Marijuana legalization support is now in the majority.  A Gallup poll showed 60% of Americans support marijuana legalization.  Booker, not notoriously known for smoking, is resolute on marijuana policies disproportionately affecting minorities.

The NJ politician gave a teaser on Twitter Tuesday morning, but announced on Facebook Live, outlining his reasoning.

The Marijuana Justice Act is not expected to pass, but is giving credence to the arguments of racism in the criminal justice system.  And, it’s high-time the government take a look at something so sweeping within the governing system.

Booker’s announcement echoes research done on the criminal justice system and the War on Drugs, but mostly it’s disproportionate persecution of the policies with races.  The ACLU did exhaustive research on marijuana usage, arrests, and regions.  This research showed whites and blacks use marijuana at very similar rates.

Marijuana usage rates.

Yet, whites are disproportionately less likely to be arrested.

Marijuana arrest rates.

“Our country’s drug laws are badly broken and need to be fixed,” Booker said in a press release. “They don’t make our communities any safer – instead they divert critical resources from fighting violent crimes, tear families apart, unfairly impact low-income communities and communities of color, and waste billions in taxpayer dollars each year.”

The ACLU estimated more than $3 billion was spent in 2010 alone. That’s the annual cost for the U.S. to repair annual pothole damage, a fraction of the cost to repair subway signals, and the estimated cost to clean up a 2016 east coast blizzard – all things governments can pay for with deferring the cost of marijuana policies.
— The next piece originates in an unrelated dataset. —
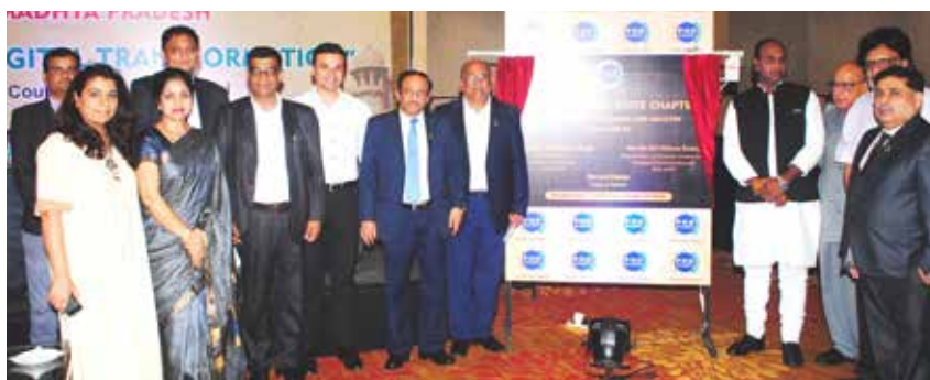
EC Members (MP State chapter) with Chief Guest and President, PHD Chamber at the Launch Ceremony

“Had marijuana been regulated like alcohol, and had its use been treated as a public health issue akin to alcohol instead of as a criminal justice issue, this is money that cities, counties, and police departments could have invested in an array of other law enforcement priorities and community initiatives.”

The Marijuana Justice Act addresses the current use and previous offenses by descheduling.

“Descheduling marijuana and applying that change retroactively to people currently serving time for marijuana offenses is a necessary step in correcting this unjust system,” Booker said.

This bill is in direct opposition to Attorney General Jeff Sessions’s agenda on marijuana prosecution.  The AG wrote a letter to Congress asking to prosecute medical marijuana facilities and make the drug a larger focus.

It’s worth noting that Sessions is not known for racial parity.  Sessions has been famously cited by Coretta Scott King in a letter to Strom Thurmond for using the “awesome powers of [the attorney general’s office] as a shabby attempt to intimidate and frighten elderly black voters.”  

The letter resurfaced when Sen. Elizabeth (D-MA) read the letter on the Senate floor during the Sessions confirmation hearing, but was silenced by Senate Majority Leader Mitch McConnell, using Rule 19 – or a senator exhibiting “any conduct or motive unworthy or unbecoming a Senator.”

Booker is introducing this landmark legislation two years after former presidential candidate Bernie Sanders (I-VT) proposed a similar bill, and stalled in committee.

“This is the right thing to do for public safety, and will help reduce our overflowing prison population,” Booker said in his Facebook announcement.

And it’s time the rest of Congress take note.